▶ _Given records_:
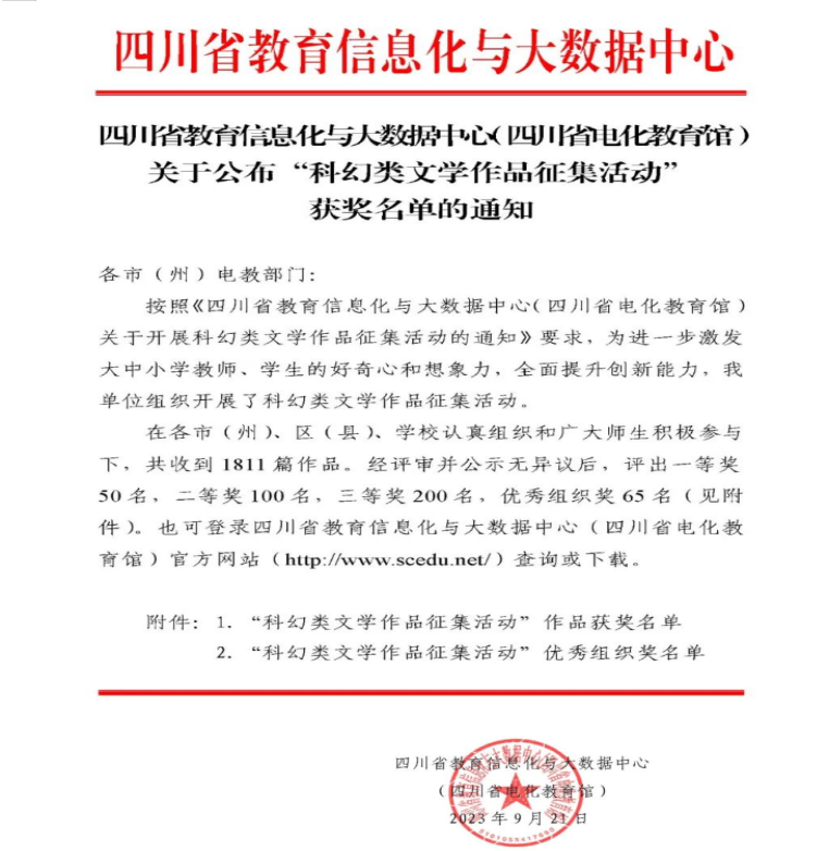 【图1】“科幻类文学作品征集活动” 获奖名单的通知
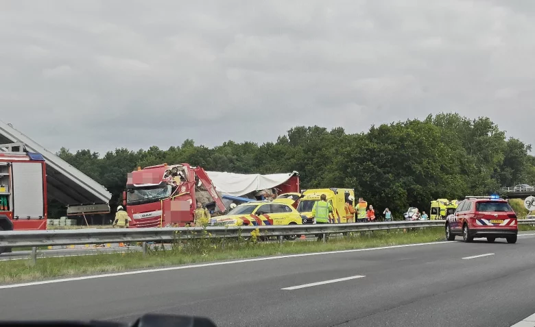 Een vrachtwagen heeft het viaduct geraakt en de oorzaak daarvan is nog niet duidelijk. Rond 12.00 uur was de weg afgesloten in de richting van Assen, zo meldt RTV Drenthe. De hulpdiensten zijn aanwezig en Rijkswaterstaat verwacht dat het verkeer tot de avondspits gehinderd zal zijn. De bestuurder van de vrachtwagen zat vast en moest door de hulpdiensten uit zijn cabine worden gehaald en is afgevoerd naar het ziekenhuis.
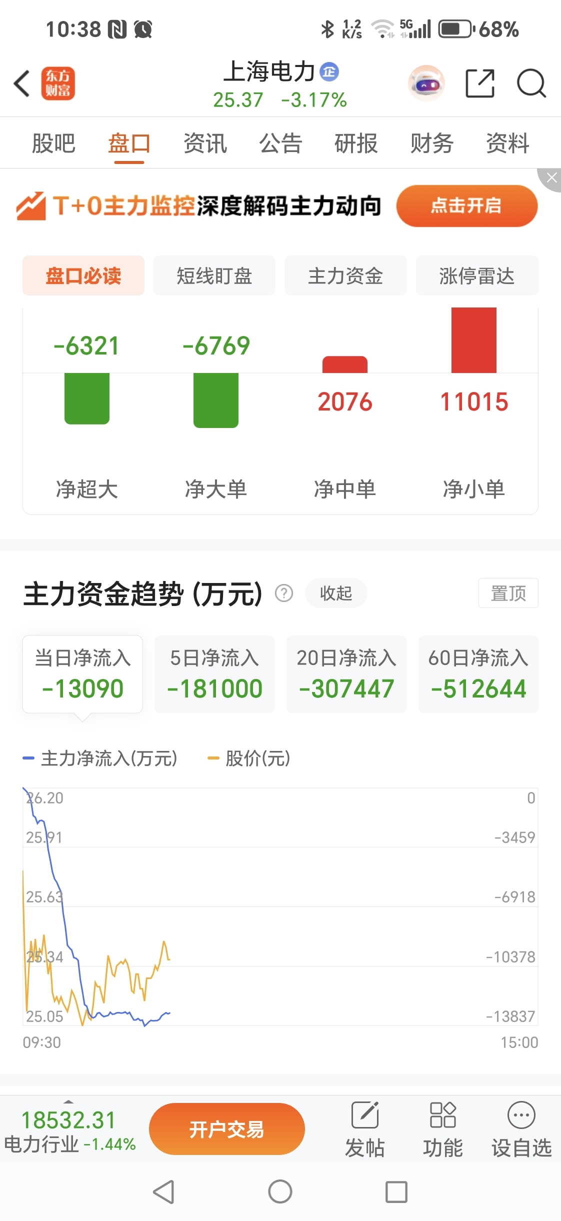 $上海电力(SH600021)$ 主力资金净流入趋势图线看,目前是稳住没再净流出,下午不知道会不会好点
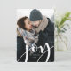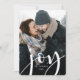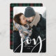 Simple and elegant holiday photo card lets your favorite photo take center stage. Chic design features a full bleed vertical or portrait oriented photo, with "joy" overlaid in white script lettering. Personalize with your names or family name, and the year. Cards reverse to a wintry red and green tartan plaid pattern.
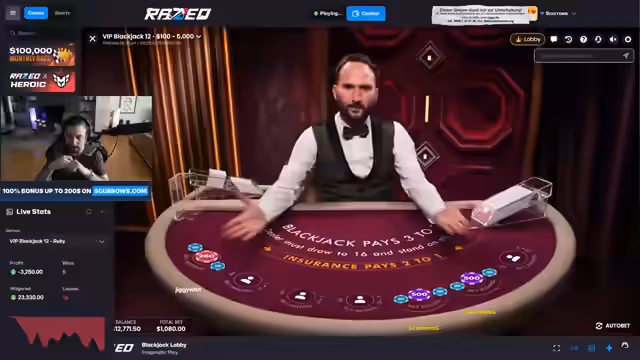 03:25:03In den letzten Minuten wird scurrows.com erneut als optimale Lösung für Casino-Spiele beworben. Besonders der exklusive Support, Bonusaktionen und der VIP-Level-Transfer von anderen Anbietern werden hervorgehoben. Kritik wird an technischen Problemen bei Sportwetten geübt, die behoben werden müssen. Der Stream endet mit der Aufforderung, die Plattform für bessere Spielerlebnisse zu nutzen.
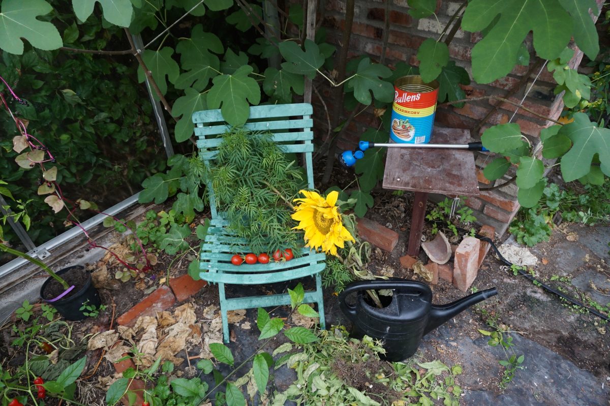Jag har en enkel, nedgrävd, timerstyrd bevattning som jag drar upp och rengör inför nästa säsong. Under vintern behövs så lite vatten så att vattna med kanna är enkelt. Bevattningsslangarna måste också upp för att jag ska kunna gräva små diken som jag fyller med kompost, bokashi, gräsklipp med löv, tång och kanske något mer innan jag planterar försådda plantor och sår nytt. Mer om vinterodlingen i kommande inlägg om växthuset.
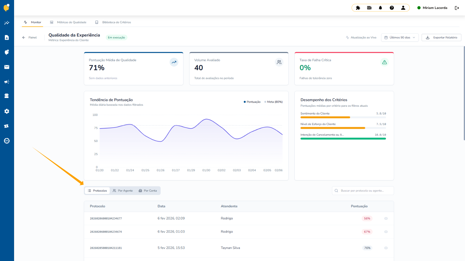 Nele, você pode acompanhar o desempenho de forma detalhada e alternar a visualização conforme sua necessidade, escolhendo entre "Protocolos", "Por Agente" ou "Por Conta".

▶ _Exercise instructions_: Give again, exactly, the lines starting at the first entry above and ending at the line with "Simple and elegant"; please leave pictures out.

▶ _Result of this exercise_:
 【图1】“科幻类文学作品征集活动” 获奖名单的通知
 Een vrachtwagen heeft het viaduct geraakt en de oorzaak daarvan is nog niet duidelijk. Rond 12.00 uur was de weg afgesloten in de richting van Assen, zo meldt RTV Drenthe. De hulpdiensten zijn aanwezig en Rijkswaterstaat verwacht dat het verkeer tot de avondspits gehinderd zal zijn. De bestuurder van de vrachtwagen zat vast en moest door de hulpdiensten uit zijn cabine worden gehaald en is afgevoerd naar het ziekenhuis.
 $上海电力(SH600021)$ 主力资金净流入趋势图线看,目前是稳住没再净流出,下午不知道会不会好点
 Simple and elegant holiday photo card lets your favorite photo take center stage. Chic design features a full bleed vertical or portrait oriented photo, with "joy" overlaid in white script lettering. Personalize with your names or family name, and the year. Cards reverse to a wintry red and green tartan plaid pattern.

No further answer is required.